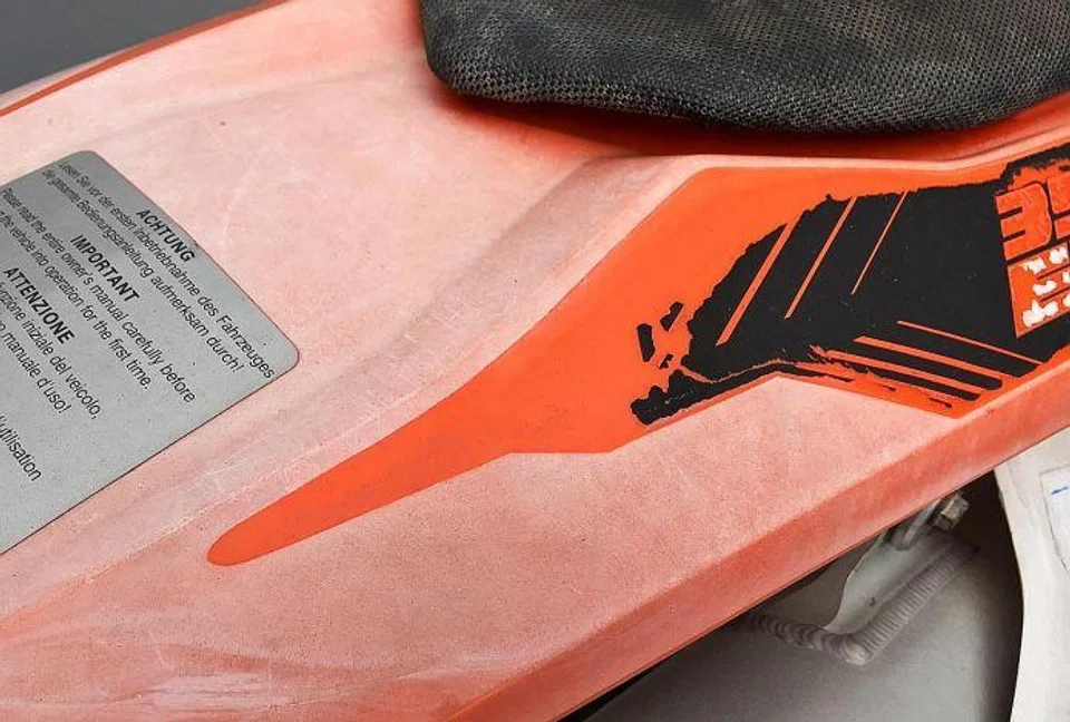 It lost its shine - I almost did not recognise my dirt bike. The deep orange sheen on the plastic parts has faded.
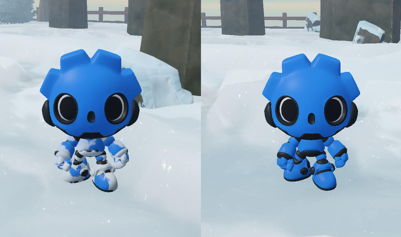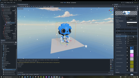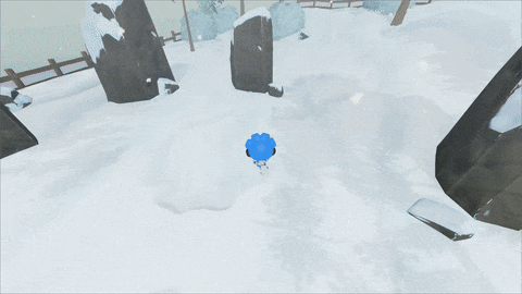 The character also has a custom shader defining the default texture as well as adding the sticking snow on top of the player texture.The snow effect on the player texture is created with an opacity mask defining what parts of the character the snow should appear to. The patches of snow are made with a noise mask using a smoothstep function to define the size and smoothness of the snow.The shader has exposed custom parameters to easily adjust the properties easily. The snow's opacity control receives information from the player controller defining whether the snow on the player should be visible or not.
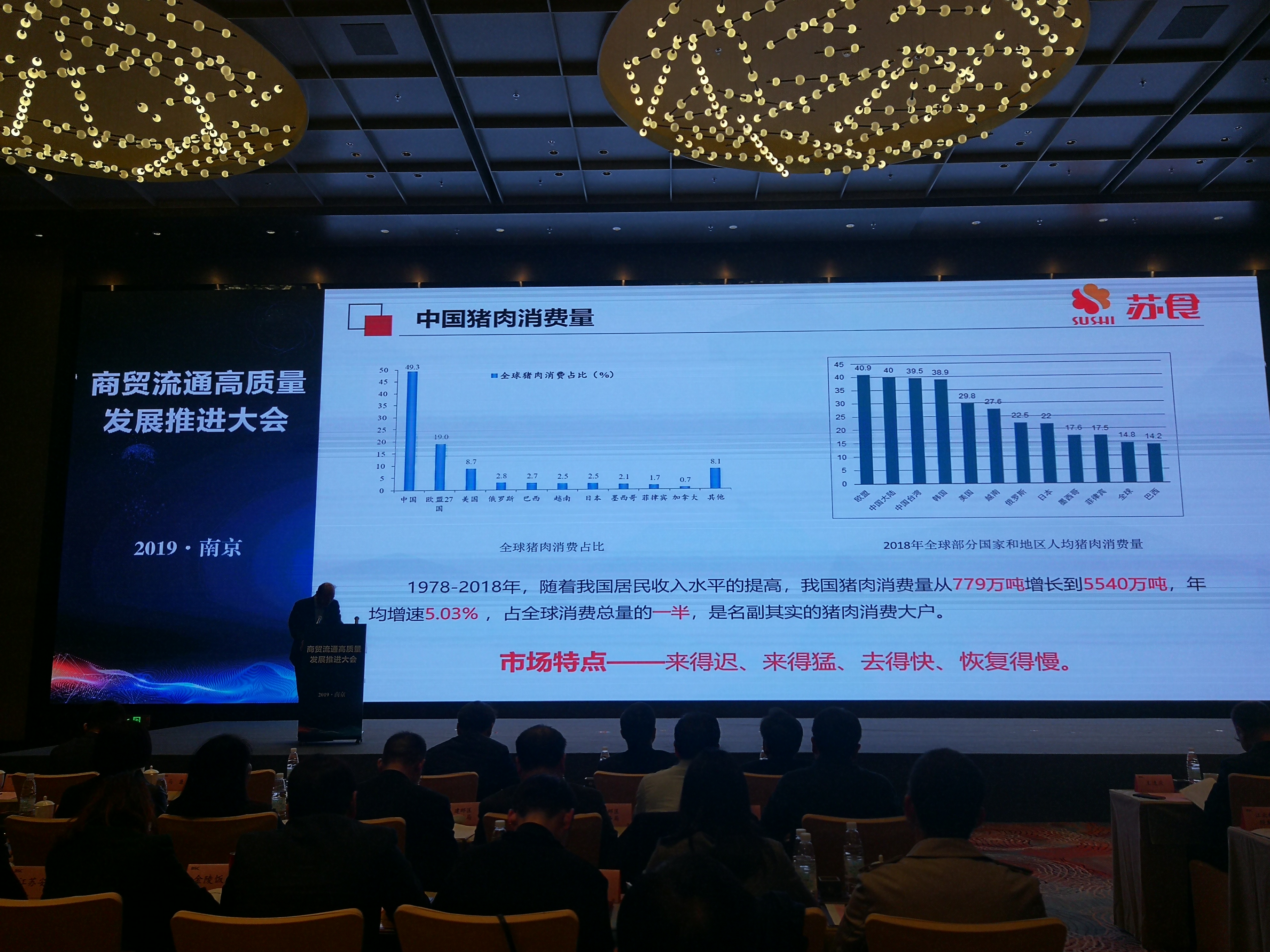 2019年11月19日下午,市商務局召開2019年南京市商貿流通高質量發展推進大會,蘇食集團董事長洑福強應邀參加此次大會并做主題報告。
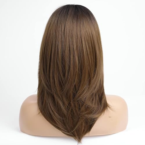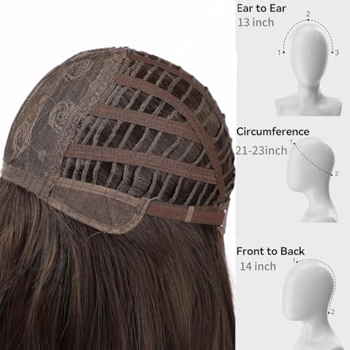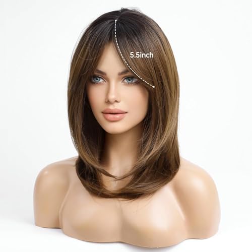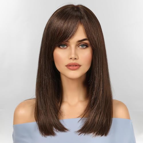 Generic - شعر مستعار صناعي طويل مموج بطول الكتف مع غرة بكثافة 150% من الياف صناعية مقاومة للحرارة بطول 22 انش - 50 سم الى 55 سم - JW73-9/6 جديد - اسود الى بني متوسط
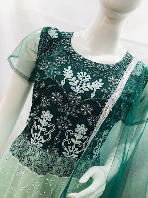 Attractive Green Colored Full Net Embroidery And Sequins Work Kurti With Dupatta Sets

----------

THE PROBLEM. Your reply is the full set of entries reproduced exactly, with images omitted.

RESPONSE FOR THIS EXERCISE.
 It lost its shine - I almost did not recognise my dirt bike. The deep orange sheen on the plastic parts has faded.
 The character also has a custom shader defining the default texture as well as adding the sticking snow on top of the player texture.The snow effect on the player texture is created with an opacity mask defining what parts of the character the snow should appear to. The patches of snow are made with a noise mask using a smoothstep function to define the size and smoothness of the snow.The shader has exposed custom parameters to easily adjust the properties easily. The snow's opacity control receives information from the player controller defining whether the snow on the player should be visible or not.
 2019年11月19日下午,市商務局召開2019年南京市商貿流通高質量發展推進大會,蘇食集團董事長洑福強應邀參加此次大會并做主題報告。
 Generic - شعر مستعار صناعي طويل مموج بطول الكتف مع غرة بكثافة 150% من الياف صناعية مقاومة للحرارة بطول 22 انش - 50 سم الى 55 سم - JW73-9/6 جديد - اسود الى بني متوسط
 Attractive Green Colored Full Net Embroidery And Sequins Work Kurti With Dupatta Sets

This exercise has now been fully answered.